_Task instructions_
Repeat the records below exactly from the line containing "叶片:叶片披针形或线状披针形" to the line containing "Oui — le bracelet", taking in both of those lines. Drop the pictures.

_Records shown_
------------------------------------------------

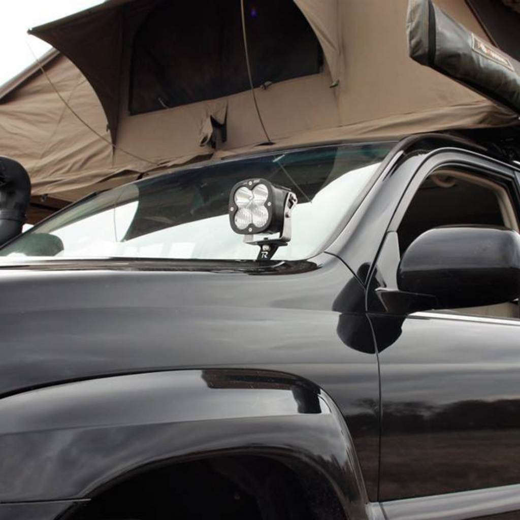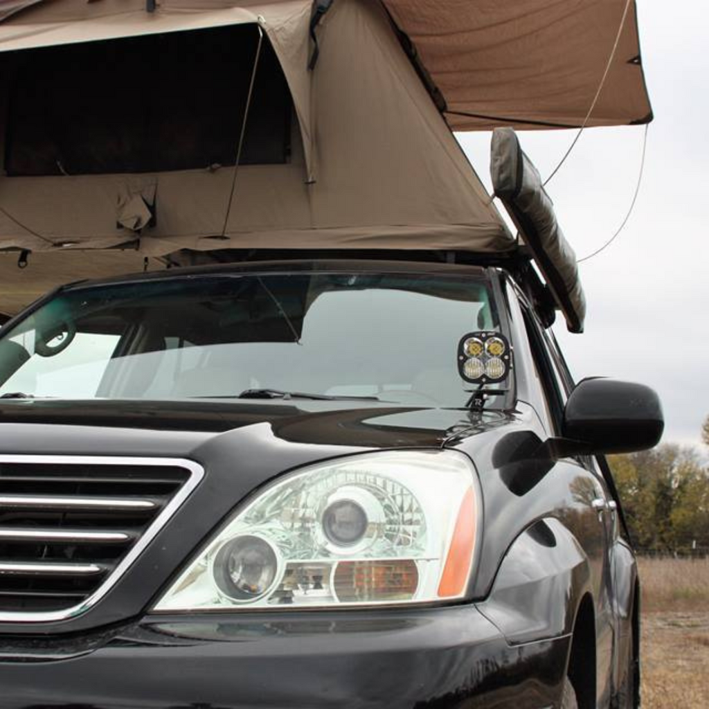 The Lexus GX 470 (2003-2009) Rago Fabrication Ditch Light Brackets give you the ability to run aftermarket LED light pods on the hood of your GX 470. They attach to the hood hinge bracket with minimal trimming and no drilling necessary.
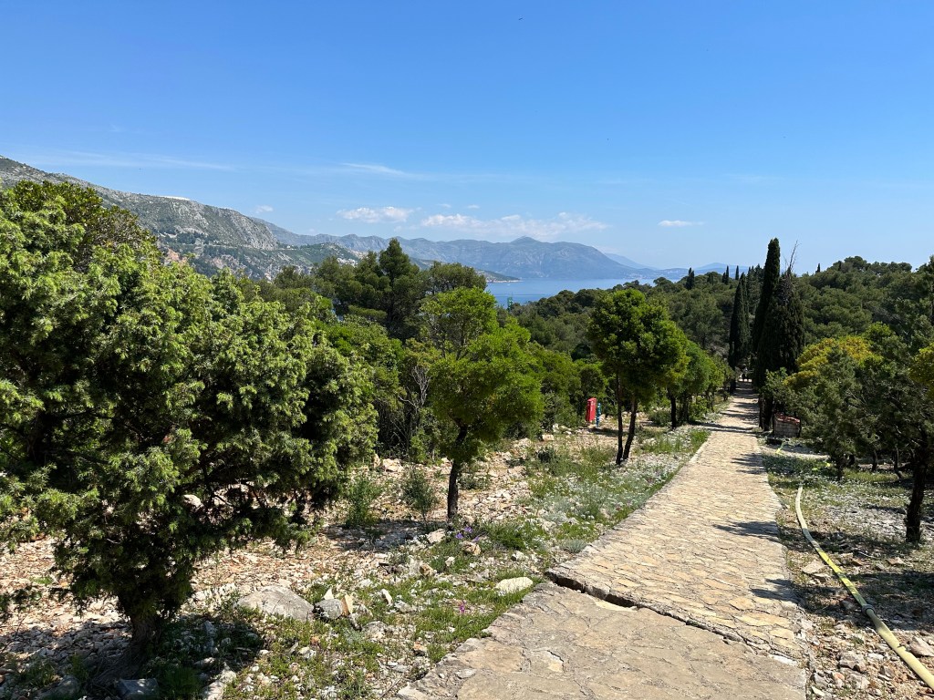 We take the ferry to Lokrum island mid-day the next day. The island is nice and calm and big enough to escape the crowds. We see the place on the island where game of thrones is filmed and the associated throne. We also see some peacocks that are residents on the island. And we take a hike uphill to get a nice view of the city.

------------------------------------------------

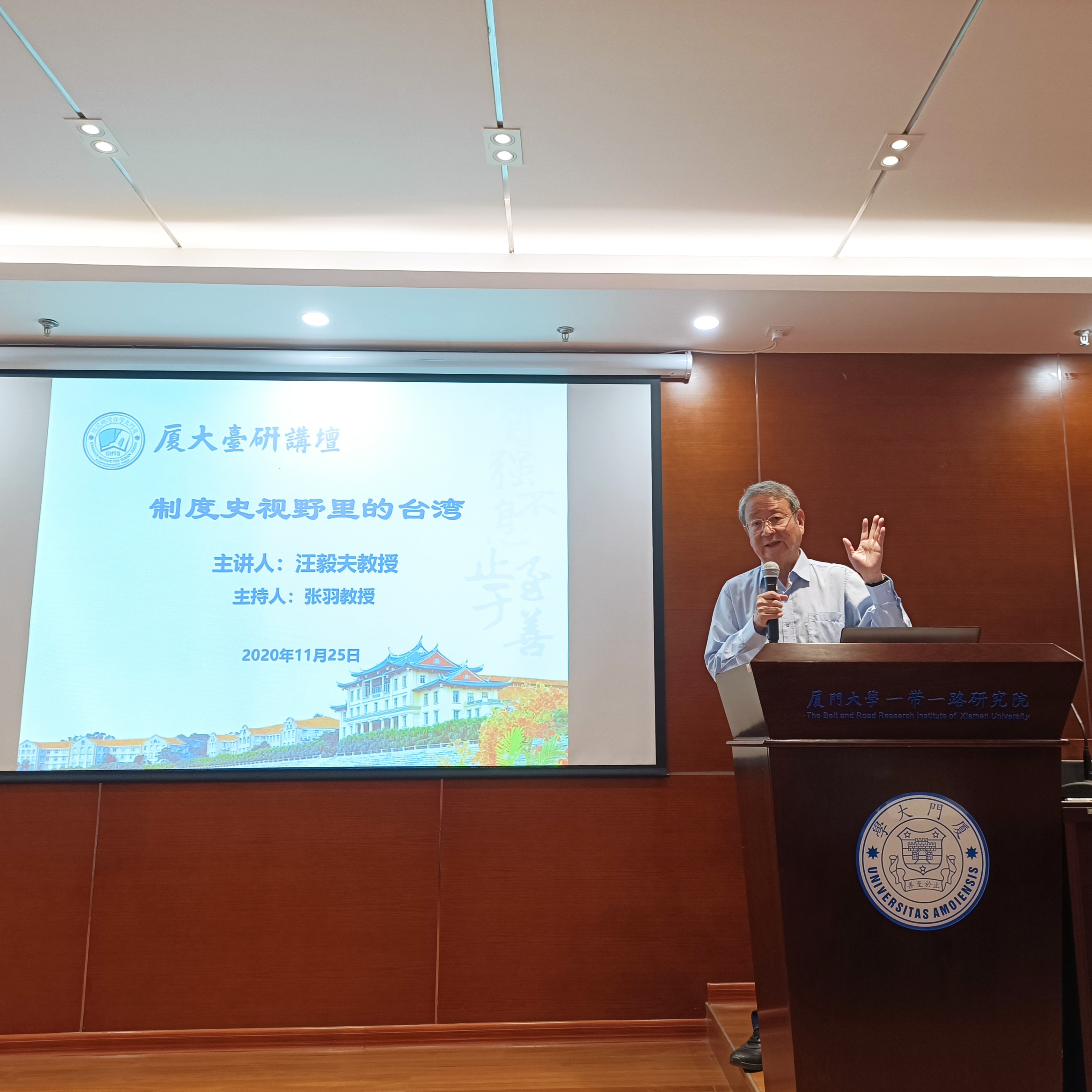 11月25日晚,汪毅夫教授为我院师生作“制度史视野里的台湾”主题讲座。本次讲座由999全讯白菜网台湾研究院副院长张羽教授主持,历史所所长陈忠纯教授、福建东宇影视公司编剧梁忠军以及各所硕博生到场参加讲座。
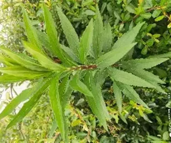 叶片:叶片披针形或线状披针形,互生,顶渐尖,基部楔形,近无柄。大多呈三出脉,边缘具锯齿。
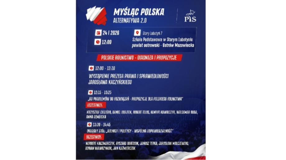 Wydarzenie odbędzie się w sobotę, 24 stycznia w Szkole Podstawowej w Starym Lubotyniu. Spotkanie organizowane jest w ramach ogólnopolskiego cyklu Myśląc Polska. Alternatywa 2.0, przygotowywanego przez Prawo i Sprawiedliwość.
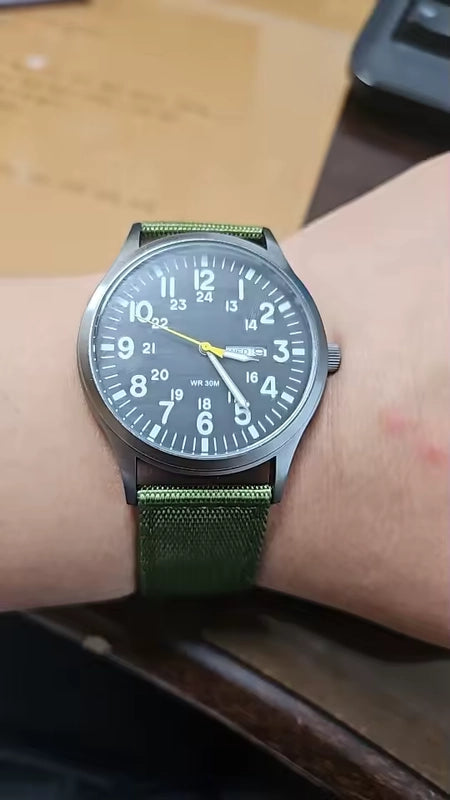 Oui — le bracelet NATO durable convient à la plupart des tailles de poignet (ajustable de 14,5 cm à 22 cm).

------------------------------------------------

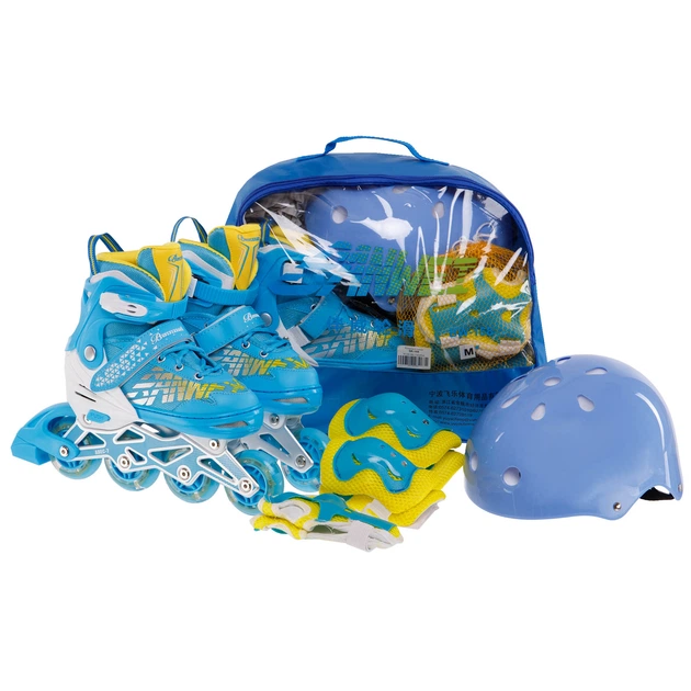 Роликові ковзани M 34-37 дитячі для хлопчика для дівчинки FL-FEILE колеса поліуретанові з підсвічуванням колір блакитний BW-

------------------------------------------------

_Problem solution_
 叶片:叶片披针形或线状披针形,互生,顶渐尖,基部楔形,近无柄。大多呈三出脉,边缘具锯齿。
 Wydarzenie odbędzie się w sobotę, 24 stycznia w Szkole Podstawowej w Starym Lubotyniu. Spotkanie organizowane jest w ramach ogólnopolskiego cyklu Myśląc Polska. Alternatywa 2.0, przygotowywanego przez Prawo i Sprawiedliwość.
 Oui — le bracelet NATO durable convient à la plupart des tailles de poignet (ajustable de 14,5 cm à 22 cm).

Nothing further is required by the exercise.